Determinant from eigenvalues Is it always true that product of eigenvalues is determinant of a matrix ?
what if one of the eigenvalues are same and matrix is not diagonalizable ? Is this statement is still true ?
 A: $\DeclareMathOperator{\Tr}{Tr}$
The determinant is the product of the zeroes of the characteristic polynomial (counting with their multiplicity), and the trace is their sum, regardless of diagonalizability of the matrix. If the underlying field is algebraically closed (such as $\mathbb{C}$), then those zeroes will exactly be the eigenvalues.
Proof:
Let $k_A$ be the characteristic polynomial $k_A(\lambda)=\det(A-\lambda I)$ of the $n\times n$ matrix $A$. It's expanded form is $k_A(\lambda)=a_n\lambda^n + a_{n-1}\lambda^{n-1} + \cdots + a_1\lambda + a_0$, noting that the degree of the polynomial is $n$ because the determinant is a sum of products of $n$ matrix entries (each entry having at most one $\lambda$).
Observe that $k_A(0) = \det(A)$, so $a_0 = \det(A)$.
Notice that the only way to get the power $\lambda^n$ as a product of $n$ matrix entries, taking exactly one from every row and column, is to choose the entries on the main diagonal: $(a_{11} - \lambda)(a_{22} - \lambda)\cdots (a_{nn} - \lambda)$.
This yields $(-1)^n\lambda^n$ when expanded, so $a_n = (-1)^n$.
Now, let's calculate $a_{n-1}$: the power $\lambda^{n-1}$ is yielded also only from the product of main diagonal entries $(a_{11} - \lambda)(a_{22} - \lambda)\cdots (a_{nn} - \lambda)$, when multiplying $n-1$ terms with $-\lambda$, and one $a_{ii}$ term.
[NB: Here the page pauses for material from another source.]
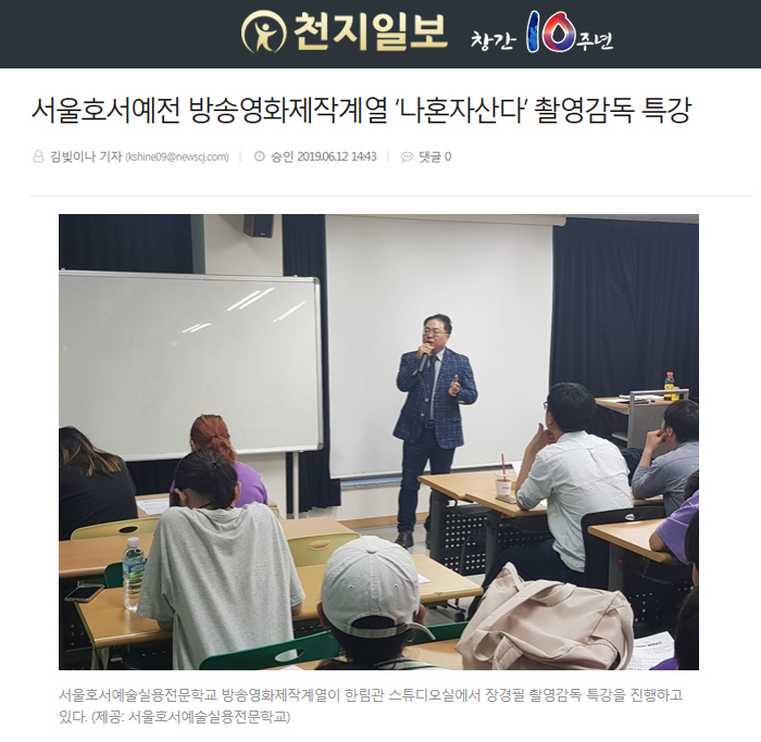 [천지일보=김빛이나 기자] 서울호서예술실용전문학교 방송영화제작계열이 최근 교내 한림관 스튜디오실에서 실무수업의 일환으로 MBC ‘무한도전’ ‘나 혼자 산다’ SBS ‘불타는 청춘’ 등 방송경력 25년의 베테랑 장경필 촬영감독의 특강을 진행했다고 12일 밝혔다.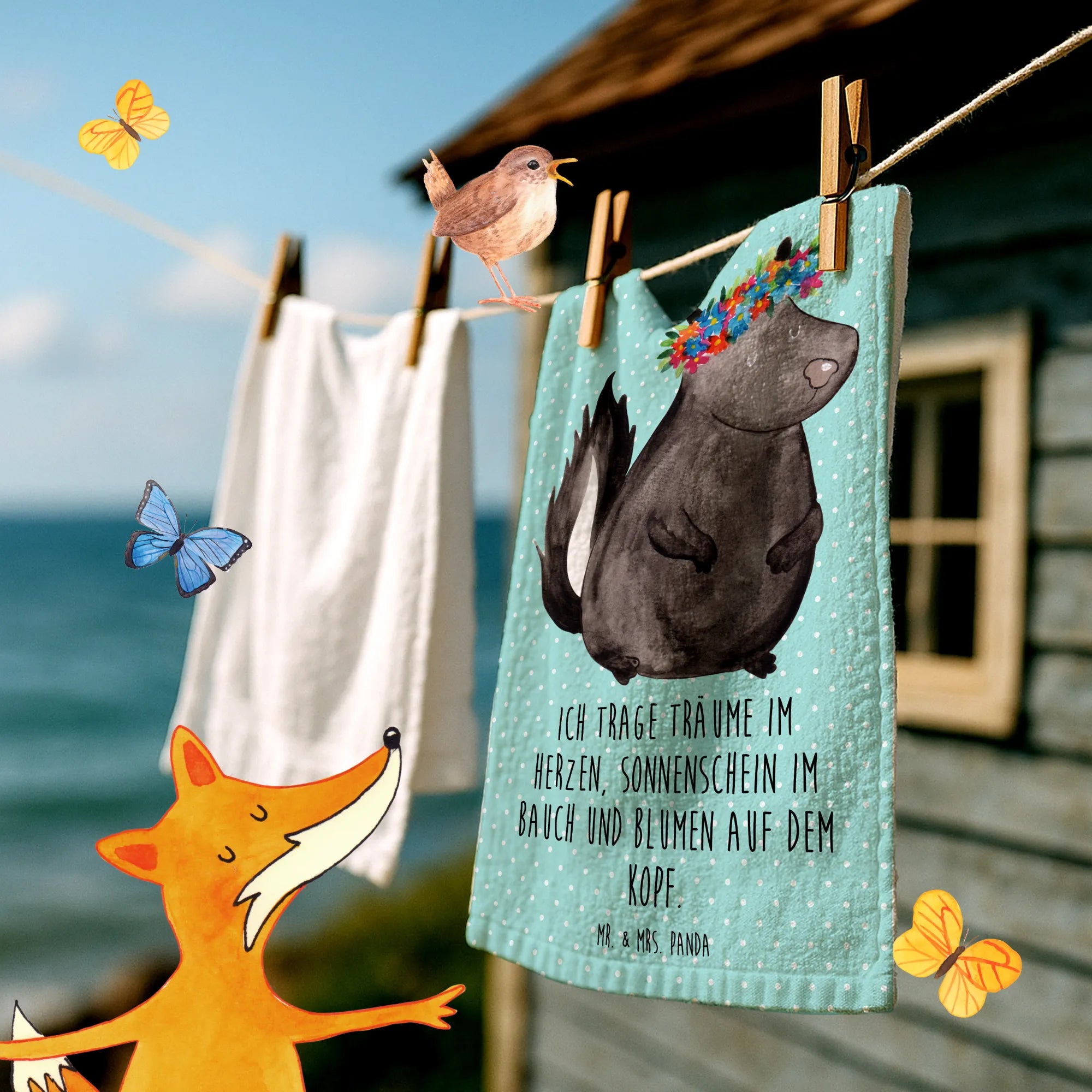 Did we mention how much fun this towel would bring to a child's bathroom? With its cute skunk design and the wonderful slogan "Ich trage Träume im Herzen, Sonnenschein im Bauch und Blumen auf dem Kopf," it ignites the imagination. It’s a perfect way to introduce little ones to the joys of caring for their environment and loving all creatures, big and small.

This is multiplied to $a_{ii}(-1)^{n-1}\lambda^{n-1}$. Doing this for every $i \in \{1, 2, \ldots, n\}$ and summing the results, we get $(a_{11} + a_{22} + \cdots + a_{nn})(-1)^{n-1}\lambda^{n-1} = \Tr(A)(-1)^{n-1}\lambda^{n-1}$, so $a_{n-1} = \Tr(A)(-1)^{n-1}$
So, $k_A(\lambda)=(-1)^n\lambda^n + \Tr(A)(-1)^{n-1}\lambda^{n-1} + \cdots + a_1\lambda + \det(A)$. Let's denote the roots of $k_A$ with $\lambda_1, \ldots, \lambda_n$ (not necessarily distinct).
Now, using Vieta's formulas we have:
$$\lambda_1\lambda_2\cdots\lambda_n = (-1)^n\frac{a_0}{a_n} = \det(A)$$
$$\lambda_1 + \lambda_2 + \cdots + \lambda_n = -\frac{a_{n-1}}{a_n} = \Tr(A)$$
As you probably know, if $A$ is diagonalizable, then we can write:
$$A = P^{-1}\begin{bmatrix}
        \lambda_1 & 0 & 0 & \ldots & 0 \\
        0 & \lambda_2 & 0 & \ldots & 0 \\
        \vdots & \vdots & \vdots & & \vdots \\
        0 & 0 & 0 & \ldots & \lambda_n \\
        \end{bmatrix}P$$
for an invertible matrix $P$. Then, using the fact that $\det$ and $\Tr$ are similarity invariants, we get the desired identities.